There are two ways to develop a monopoly in America. One way is based upon capitalism, freedom and the free market.

This is the more transparent approach, but it also doesn’t have as much staying power, due to competition – the constant striving of others to build a better mousetrap, if you will. And despite what we think and are told, there is always a better mousetrap around the corner. This way is also much more difficult, for one has to remain on top of his game not only to achieve the goal of becoming a monopoly, but to maintain it.

Of course, this is merely an academic exercise, as Jeff Bezos of Amazon will likely discover as he seeks to conquer the retail industry. He will undoubtedly find that today, the second method is far easier.

The second method to developing a monopoly is through crony corporatism. For large companies seeking to own an industry, it is the best and easiest way to achieve there goal. It’s not what you know and how much you innovate – it’s whom you know and whom you can purchase.

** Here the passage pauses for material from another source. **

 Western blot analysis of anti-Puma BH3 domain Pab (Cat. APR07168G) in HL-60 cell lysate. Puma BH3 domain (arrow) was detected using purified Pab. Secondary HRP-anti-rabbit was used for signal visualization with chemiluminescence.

The key to crony corporatism is in lobbying the political hacks in Washington, D.C. Amazon has been rapidly moving up the food chain to now be the world’s third-largest retailer, behind only No. 1 Wal-Mart and No. 2 CVS.

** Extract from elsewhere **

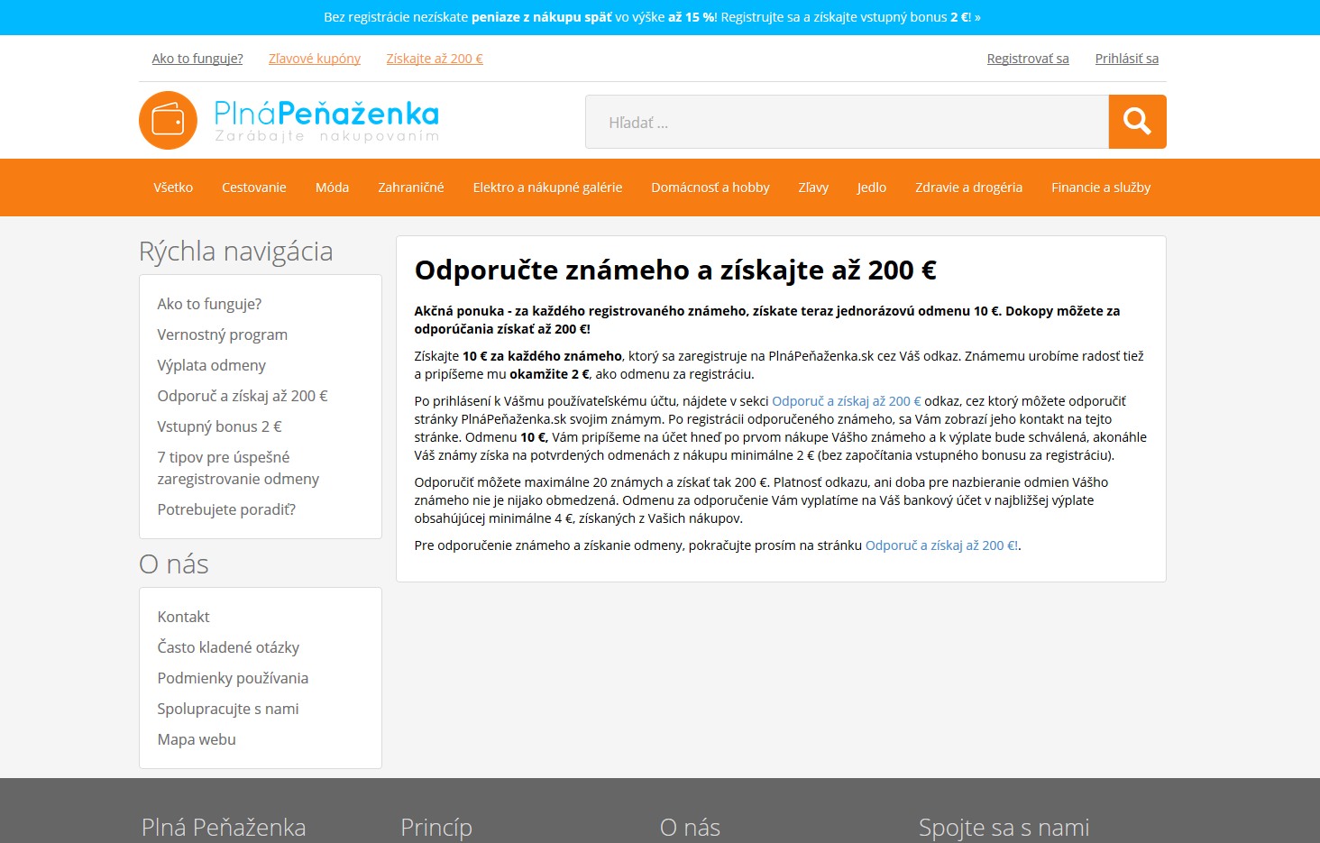 Plnapenazenka má podobný systém ako Tipli. 10 EUR za doporučenie a 2 EUR pre doporučeného. Vašich 10 EUR pripíšu ak odporučený prvýkrát nakúpi a schvália keď získa aspoň 2 EUR cashback na nákupoch. Limit je 200 EUR, teda 20 aktívnych odporučení.

Bezos has made great strides toward becoming Numero Uno. He has acquired several online retailers and has recently snapped up Whole Foods for a whopping $13.7 billion. In fact, he is, in effect, redefining the word monopoly – stripping it of its negative connotation.

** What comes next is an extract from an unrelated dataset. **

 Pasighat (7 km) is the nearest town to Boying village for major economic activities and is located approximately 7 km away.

Companies of old would control an industry – becoming the only game in town. They could then start jacking up prices while caring little about servicing the customer. This is all people know of monopolies. But Bezos is doing just the opposite. He seeks to control the retail industry by servicing the customer with quality, service, speed of delivery and thrift. It is the anti-monopoly, monopoly.

The Amazon CEO, with all his innovation and marketing genius, to this point has assumed he could create a retail monopoly with little to no government meddling.

However, this is not the way things work in America, and maybe he is figuring it out, although possibly too late. Last year Bezos increased his Washington lobbying budget by 20 percent above 2015, to $11.4 million. This may sound like a lot, but it doesn’t hold a candle to those like the U.S. Chamber of Commerce and the National Association of Realtors, who spent almost $104 million and $65 million, respectively.

If Bezos doesn’t want to incur the wrath of the antitrust government nannies, he’ll have to pony up a lot more walking around money (hat tip – Al Sharpton). And if he’s planning to further expand the Amazon Empire, he had better start buying up politicians soon.

For the word antitrust is already floating around Capitol Hill. In fact, “Douglas Kass, the president of Seabreeze Partners Management Inc. and former senior portfolio manager at Omega Advisors, said on Wednesday that [antitrust] discussions are in early stages,” reports the Daily Mail.

Kass even advised his clients to begin “shorting,” or short selling, Amazon stock “in light of the apparently looming government scrutiny.” On Wednesday Kass said, “I am shorting Amazon today because I have learned that there are currently early discussions and due diligence being considered in the legislative chambers in Washington, D.C., with regard to possible antitrust opposition to Amazon’s business practices, pricing strategy and expansion announcements already made. …”

There is only one tried and true way to gain monopoly status in America. One must first please the government overlords, by showering them with barges filled with tribute.

And don’t expect the free-market darling, Amazon, to garner any favor from our businessman president, for Bezos is on Trump’s radar. Aside from Amazon, Bezos also owns the liberal Washington Post – not exactly a friend of the president.